* What is required *
What the answer must hold is the line containing "The overall flow" and all lines after it through the end of the listing, copied exactly, with pictures left out.

* Given data *
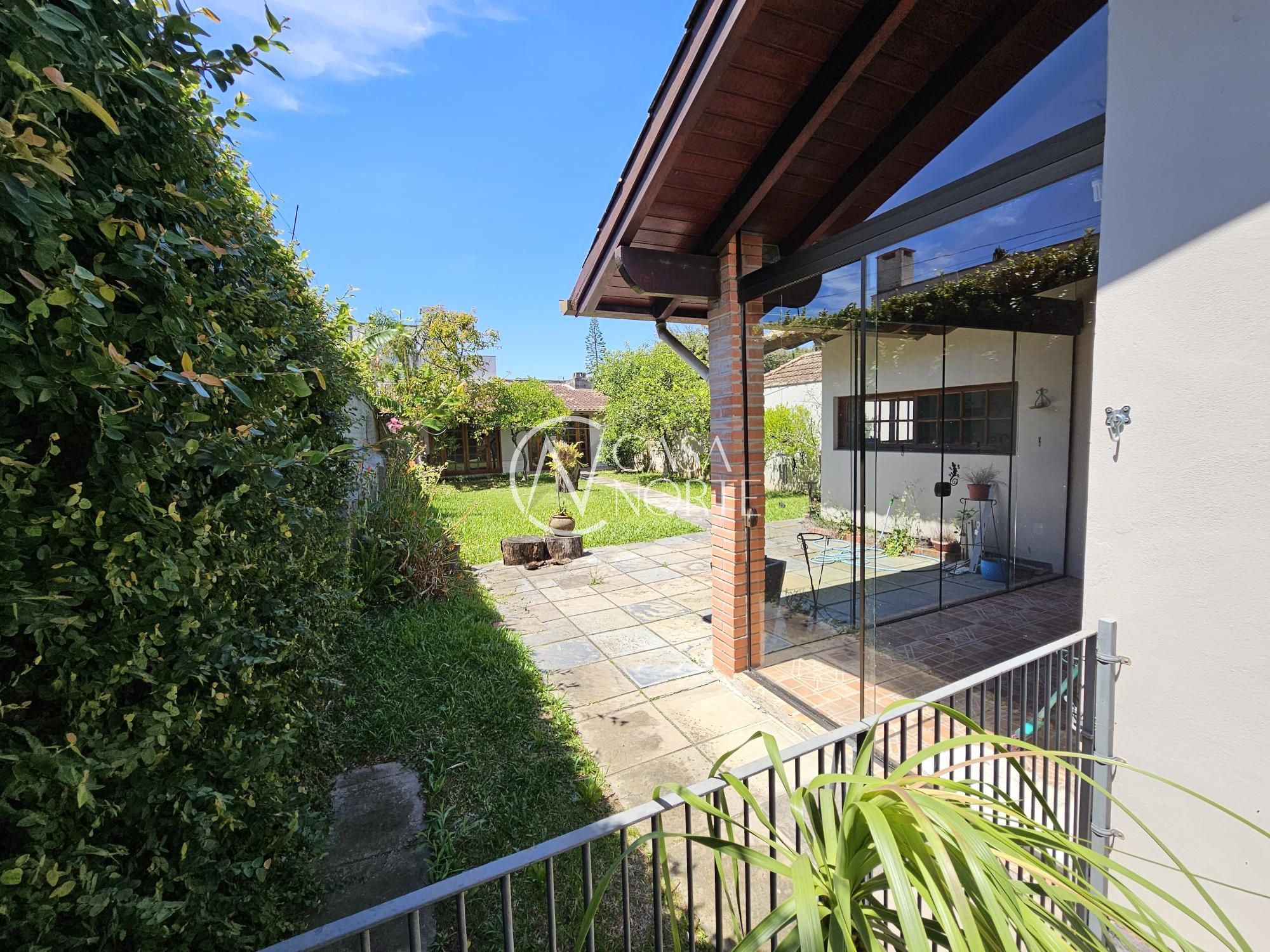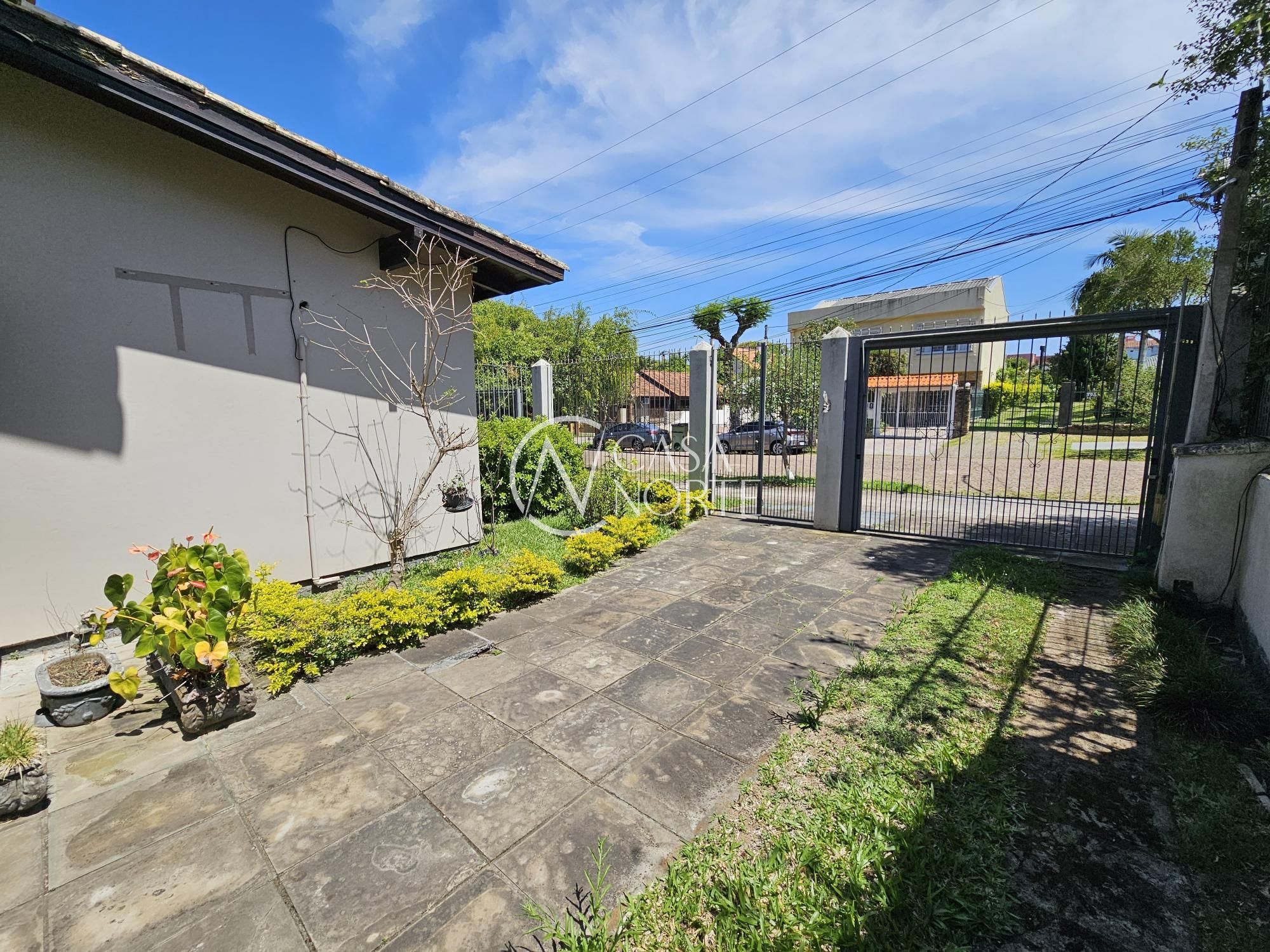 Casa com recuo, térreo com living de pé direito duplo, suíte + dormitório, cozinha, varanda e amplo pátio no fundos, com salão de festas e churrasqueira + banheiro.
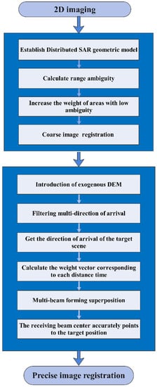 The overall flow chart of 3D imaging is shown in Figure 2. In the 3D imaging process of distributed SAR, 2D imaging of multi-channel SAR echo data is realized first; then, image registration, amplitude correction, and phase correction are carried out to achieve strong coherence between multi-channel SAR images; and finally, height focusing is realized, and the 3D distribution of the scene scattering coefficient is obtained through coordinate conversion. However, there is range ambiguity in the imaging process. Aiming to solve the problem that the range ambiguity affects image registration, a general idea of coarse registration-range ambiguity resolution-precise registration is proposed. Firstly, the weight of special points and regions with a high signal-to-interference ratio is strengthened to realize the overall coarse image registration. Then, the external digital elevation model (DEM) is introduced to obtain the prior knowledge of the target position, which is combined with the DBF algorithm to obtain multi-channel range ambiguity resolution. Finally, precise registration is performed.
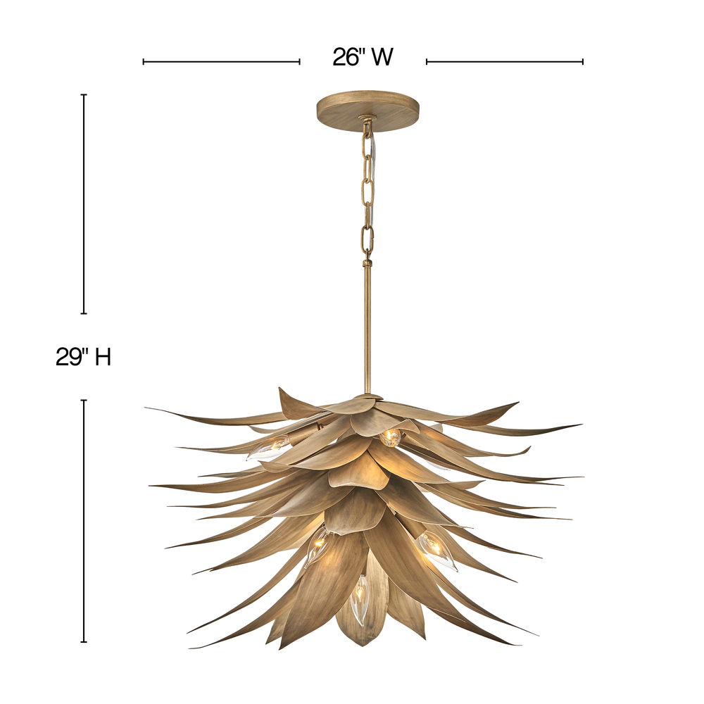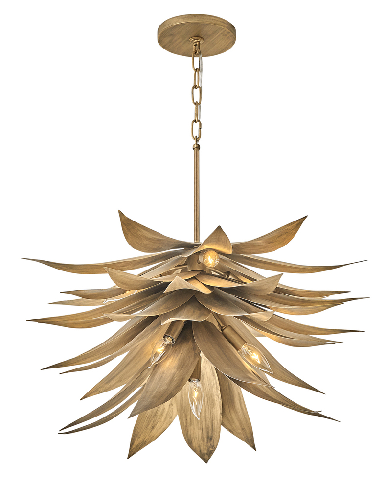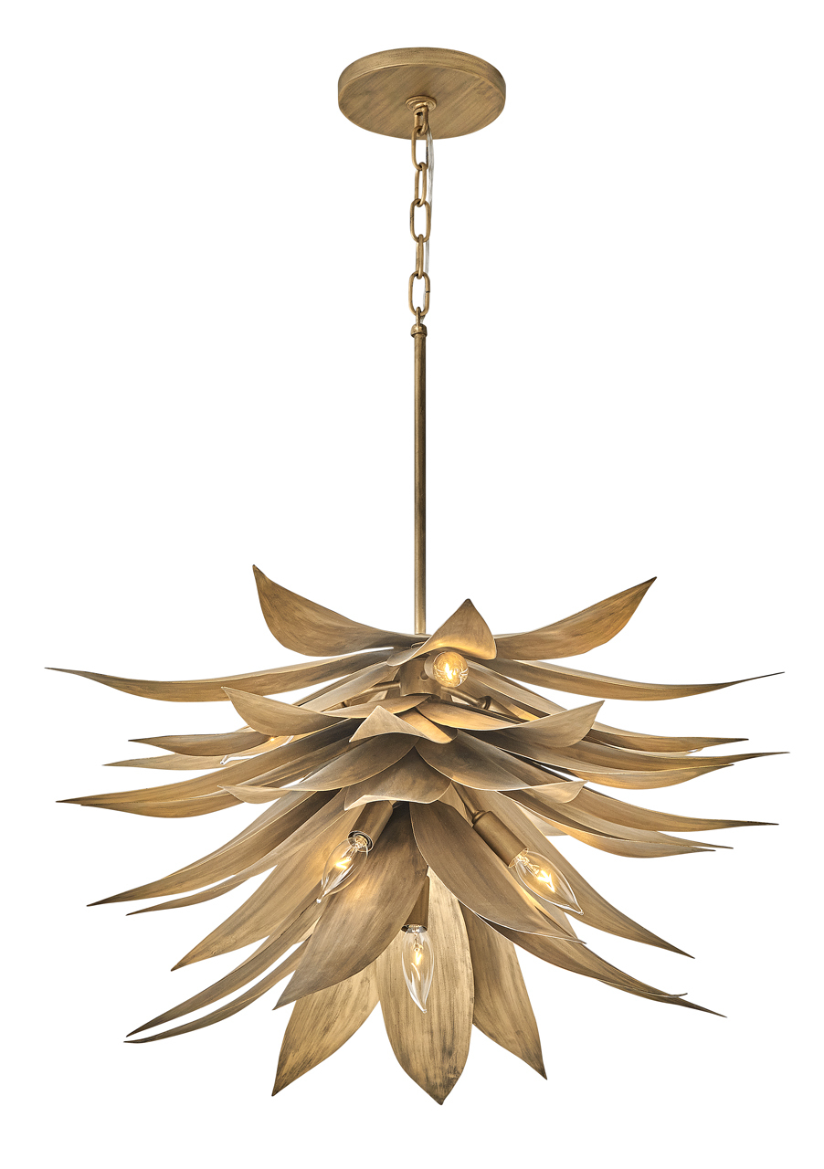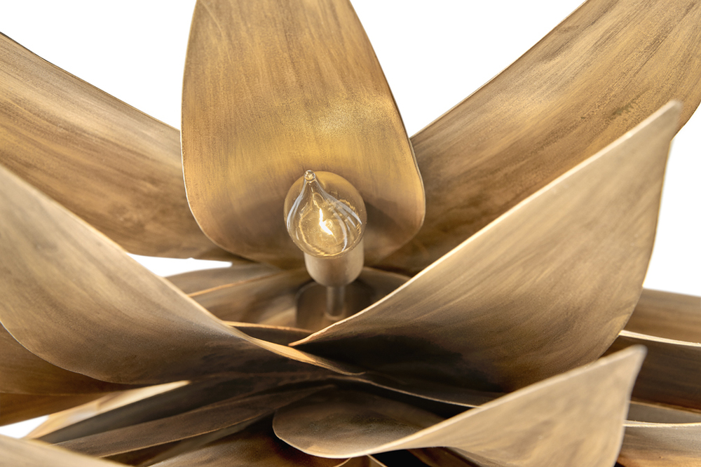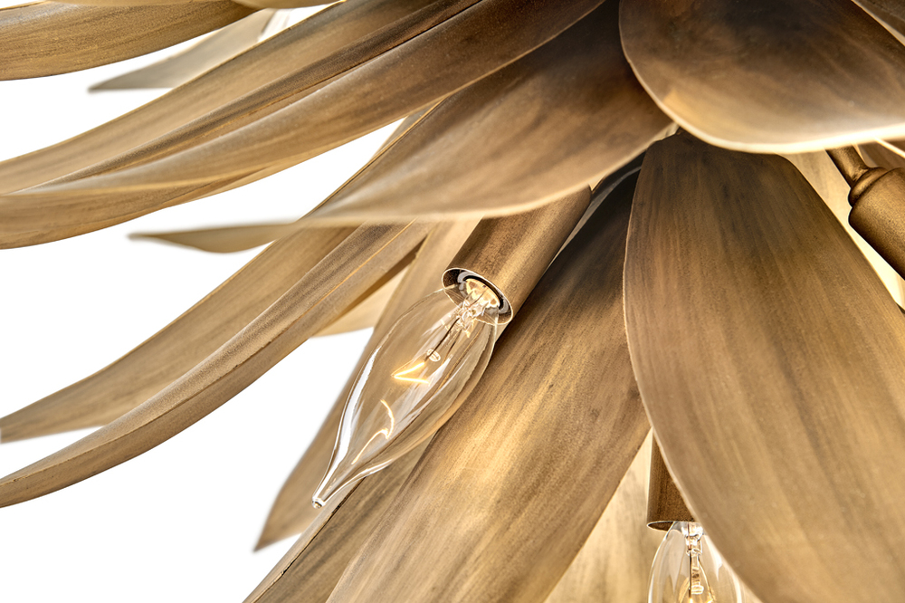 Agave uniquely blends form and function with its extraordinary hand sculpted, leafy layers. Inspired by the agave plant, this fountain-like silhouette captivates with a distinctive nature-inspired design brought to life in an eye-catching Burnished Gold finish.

* Answer to the exercise *
 The overall flow chart of 3D imaging is shown in Figure 2. In the 3D imaging process of distributed SAR, 2D imaging of multi-channel SAR echo data is realized first; then, image registration, amplitude correction, and phase correction are carried out to achieve strong coherence between multi-channel SAR images; and finally, height focusing is realized, and the 3D distribution of the scene scattering coefficient is obtained through coordinate conversion. However, there is range ambiguity in the imaging process. Aiming to solve the problem that the range ambiguity affects image registration, a general idea of coarse registration-range ambiguity resolution-precise registration is proposed. Firstly, the weight of special points and regions with a high signal-to-interference ratio is strengthened to realize the overall coarse image registration. Then, the external digital elevation model (DEM) is introduced to obtain the prior knowledge of the target position, which is combined with the DBF algorithm to obtain multi-channel range ambiguity resolution. Finally, precise registration is performed.
 Agave uniquely blends form and function with its extraordinary hand sculpted, leafy layers. Inspired by the agave plant, this fountain-like silhouette captivates with a distinctive nature-inspired design brought to life in an eye-catching Burnished Gold finish.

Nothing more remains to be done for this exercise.